Supplied records
↓
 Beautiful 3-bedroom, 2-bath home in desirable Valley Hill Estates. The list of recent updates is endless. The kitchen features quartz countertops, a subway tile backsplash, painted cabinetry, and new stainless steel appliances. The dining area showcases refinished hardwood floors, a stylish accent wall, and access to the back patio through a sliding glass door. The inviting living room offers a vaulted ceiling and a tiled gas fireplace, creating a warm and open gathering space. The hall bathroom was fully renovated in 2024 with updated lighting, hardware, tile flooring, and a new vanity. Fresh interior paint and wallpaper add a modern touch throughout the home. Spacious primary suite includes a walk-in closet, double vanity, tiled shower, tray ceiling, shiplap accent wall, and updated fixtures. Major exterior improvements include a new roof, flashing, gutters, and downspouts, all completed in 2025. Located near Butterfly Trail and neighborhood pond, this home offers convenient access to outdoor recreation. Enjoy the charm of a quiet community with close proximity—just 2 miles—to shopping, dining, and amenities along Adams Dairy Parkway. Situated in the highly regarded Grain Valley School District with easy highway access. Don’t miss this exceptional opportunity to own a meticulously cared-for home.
↑
↓
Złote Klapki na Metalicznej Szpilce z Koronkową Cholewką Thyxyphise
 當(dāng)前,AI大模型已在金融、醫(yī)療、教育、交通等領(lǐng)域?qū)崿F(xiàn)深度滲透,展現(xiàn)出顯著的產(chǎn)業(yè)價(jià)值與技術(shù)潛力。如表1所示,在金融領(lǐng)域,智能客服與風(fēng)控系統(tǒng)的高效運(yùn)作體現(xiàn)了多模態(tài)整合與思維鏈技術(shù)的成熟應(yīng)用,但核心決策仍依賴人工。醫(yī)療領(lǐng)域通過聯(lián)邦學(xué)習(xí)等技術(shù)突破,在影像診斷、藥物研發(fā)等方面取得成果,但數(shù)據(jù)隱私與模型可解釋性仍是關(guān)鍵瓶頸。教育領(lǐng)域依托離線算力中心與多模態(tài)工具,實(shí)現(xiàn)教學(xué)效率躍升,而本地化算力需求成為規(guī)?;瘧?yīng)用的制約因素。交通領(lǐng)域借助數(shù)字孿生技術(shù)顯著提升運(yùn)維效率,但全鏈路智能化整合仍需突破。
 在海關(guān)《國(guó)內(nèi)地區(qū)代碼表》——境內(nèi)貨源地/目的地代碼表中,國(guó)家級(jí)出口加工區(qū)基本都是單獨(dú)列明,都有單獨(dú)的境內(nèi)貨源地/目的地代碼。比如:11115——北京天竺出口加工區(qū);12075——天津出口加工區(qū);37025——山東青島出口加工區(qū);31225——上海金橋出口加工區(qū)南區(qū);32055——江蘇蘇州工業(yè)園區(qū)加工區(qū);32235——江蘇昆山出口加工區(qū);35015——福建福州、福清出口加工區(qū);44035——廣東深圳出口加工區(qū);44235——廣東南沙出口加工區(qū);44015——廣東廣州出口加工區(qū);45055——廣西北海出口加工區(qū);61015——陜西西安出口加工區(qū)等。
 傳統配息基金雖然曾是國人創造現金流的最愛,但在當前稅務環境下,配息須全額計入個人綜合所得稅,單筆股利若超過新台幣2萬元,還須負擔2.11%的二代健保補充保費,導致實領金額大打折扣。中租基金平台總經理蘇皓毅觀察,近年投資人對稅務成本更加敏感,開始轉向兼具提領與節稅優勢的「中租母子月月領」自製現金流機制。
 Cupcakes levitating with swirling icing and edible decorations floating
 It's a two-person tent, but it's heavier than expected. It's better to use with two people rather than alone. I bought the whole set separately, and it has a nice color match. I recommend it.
↑
↓
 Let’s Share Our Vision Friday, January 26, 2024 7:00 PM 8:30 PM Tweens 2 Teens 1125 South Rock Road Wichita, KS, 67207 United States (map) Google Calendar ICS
↑
Prompt
After locating the line holding "Złote Klapki na" above, output exactly that line and every line after it through the line holding "傳統配息基金雖然曾是國人創造". Include nothing else.

Solution to the problem
Złote Klapki na Metalicznej Szpilce z Koronkową Cholewką Thyxyphise
 當(dāng)前,AI大模型已在金融、醫(yī)療、教育、交通等領(lǐng)域?qū)崿F(xiàn)深度滲透,展現(xiàn)出顯著的產(chǎn)業(yè)價(jià)值與技術(shù)潛力。如表1所示,在金融領(lǐng)域,智能客服與風(fēng)控系統(tǒng)的高效運(yùn)作體現(xiàn)了多模態(tài)整合與思維鏈技術(shù)的成熟應(yīng)用,但核心決策仍依賴人工。醫(yī)療領(lǐng)域通過聯(lián)邦學(xué)習(xí)等技術(shù)突破,在影像診斷、藥物研發(fā)等方面取得成果,但數(shù)據(jù)隱私與模型可解釋性仍是關(guān)鍵瓶頸。教育領(lǐng)域依托離線算力中心與多模態(tài)工具,實(shí)現(xiàn)教學(xué)效率躍升,而本地化算力需求成為規(guī)?;瘧?yīng)用的制約因素。交通領(lǐng)域借助數(shù)字孿生技術(shù)顯著提升運(yùn)維效率,但全鏈路智能化整合仍需突破。
 在海關(guān)《國(guó)內(nèi)地區(qū)代碼表》——境內(nèi)貨源地/目的地代碼表中,國(guó)家級(jí)出口加工區(qū)基本都是單獨(dú)列明,都有單獨(dú)的境內(nèi)貨源地/目的地代碼。比如:11115——北京天竺出口加工區(qū);12075——天津出口加工區(qū);37025——山東青島出口加工區(qū);31225——上海金橋出口加工區(qū)南區(qū);32055——江蘇蘇州工業(yè)園區(qū)加工區(qū);32235——江蘇昆山出口加工區(qū);35015——福建福州、福清出口加工區(qū);44035——廣東深圳出口加工區(qū);44235——廣東南沙出口加工區(qū);44015——廣東廣州出口加工區(qū);45055——廣西北海出口加工區(qū);61015——陜西西安出口加工區(qū)等。
 傳統配息基金雖然曾是國人創造現金流的最愛,但在當前稅務環境下,配息須全額計入個人綜合所得稅,單筆股利若超過新台幣2萬元,還須負擔2.11%的二代健保補充保費,導致實領金額大打折扣。中租基金平台總經理蘇皓毅觀察,近年投資人對稅務成本更加敏感,開始轉向兼具提領與節稅優勢的「中租母子月月領」自製現金流機制。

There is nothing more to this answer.